Proposed Treasury Regulations Issued On Deducting Business Meals
The Tax Cuts And Jobs Act Of 2017 (“TCJA”) was signed into law by President Trump on December 22, 2017. It has been a good 30 years since the last time the Internal Revenue Code received such a major update but for taxpayers.
Deductions Relating to Meal And Entertainment Expenses
Under prior law, a taxpayer generally can deduct business-related meal and entertainment expenses paid or incurred in entertaining a client, customer, or employee. The taxpayer had to show that the item was directly related to (or, in certain cases, associated with) the active conduct of the taxpayer’s trade or business.

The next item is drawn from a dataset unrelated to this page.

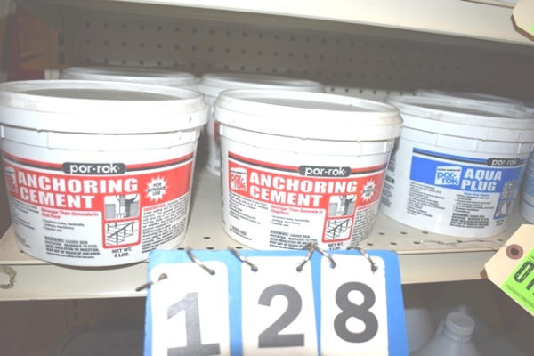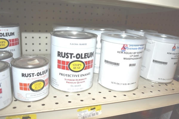 Shelf lot consisting of Rustoleum paint, Fast Plug Hydraulic Cement, etc.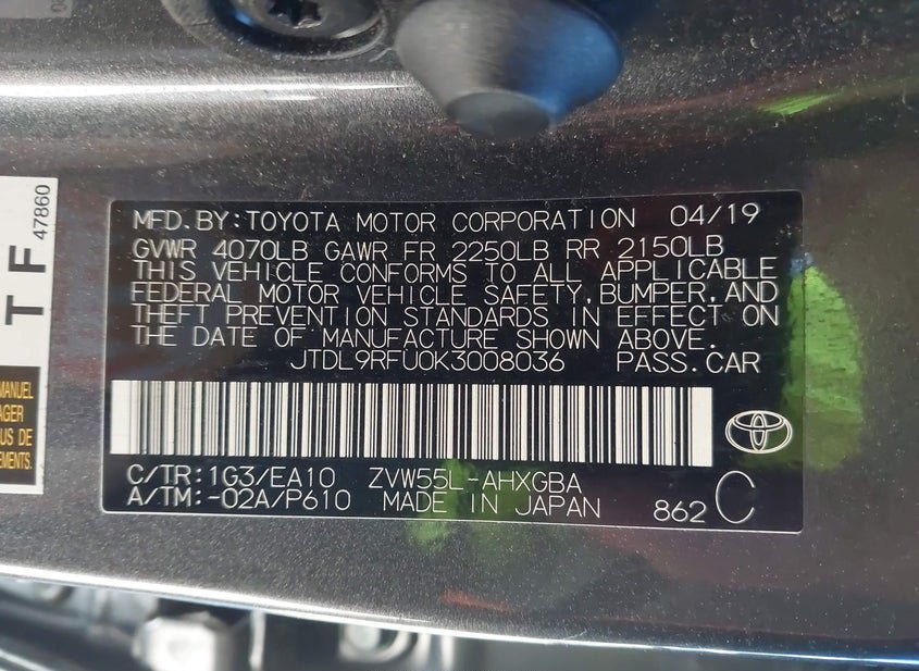 VIN: JTDL9RFU0K3008036 · Grove City, OH, 43123 · OH Salvage

In such case, a deduction is allowed, although it is generally limited to 50% of the expense amount.
Starting with 2018 more stringent rules apply with respect to a deduction for meal and entertainment expenses paid after 2017. The TCJA repeals the deduction for most entertainment expenses, effective for amounts incurred after 2017. There is no exception for amount incurred that are directly related to, or associated with, the active conduct of the taxpayer’s trade or business. This repeal would extend to the cost of tickets to sporting events, stadium license fees, private boxes at sporting events, theater tickets, golf club dues, etc.
However, it is still possible that some amounts may still be deductible if they meet the exceptions in IRC § 274(e), a provision that was not touched by the TCJA.
The main exceptions in IRC § 274(e) allowing deductibility are:
- Expenses for food and beverages (and facilities used in connection therewith) furnished on the business premises of the taxpayer primarily for the taxpayer’s employees.
- Expenses for recreational, social, or similar activities (and facilities used in connection therewith) primarily for the benefit of employees, other than highly-compensated employees.
- Expenses incurred by a taxpayer which are directly related to business meetings of the taxpayer’s employees, stockholders, agents, or directors.
- Expenses directly related and necessary to attendance at a business meeting or convention of any certain organizations such as business leagues, chambers of commerce, real estate boards, and boards of trade.
- Expenses for goods, services and facilities made available by the taxpayer to the general public.
This lack of clarity by the TCJA created a lot of confusion in the business community which the IRS was looking to address.
On October 3, 2018 the IRS issued guidance, Notice 2018-76, clarifying that taxpayers may generally continue to deduct 50% of the food and beverage expenses associated with operating their trade or business, despite changes to the meal and entertainment expense deduction by the TCJA. Now that the IRS issued Proposed Regulations, here is what you need to know.
Under the proposed regulations, taxpayers may deduct 50% of an otherwise allowable business meal expense if:
- The expense is an ordinary and necessary business expense under Sec. 162(a) paid or incurred during the tax year when carrying on any trade or business;
- The expense is not lavish or extravagant under the circumstances;
- The taxpayer or an employee of the taxpayer is present when the food and beverages are furnished;
- The food and beverages are provided to a current or potential business customer, client, consultant, or similar business contact; and
- For food and beverages provided during or at an entertainment activity, they are purchased separately from the entertainment, or the cost of the food and beverages is stated separately from the cost of the entertainment on one or more bills, invoices, or receipts.
Regarding the requirement in No. 4 above that the food and beverages be provided to a current or potential business contact, the IRS defines such a contact as “a person with whom the taxpayer could reasonably expect to engage or deal in the active conduct of the taxpayer’s trade or business such as the taxpayer’s customer, client, supplier, employee, agent, partner, or professional adviser, whether established or prospective.”
What Should You Do?
Like with any expense you are looking to deduct it is important to make sure that the tax law would support a deduction and that you have the required backup documentation in case you are audited by the IRS. Also, be mindful that in any audit by IRS, an agent will be making sure that taxpayers are not inflating the amount charged for food and beverages in order to circumvent the disallowance of entertainment.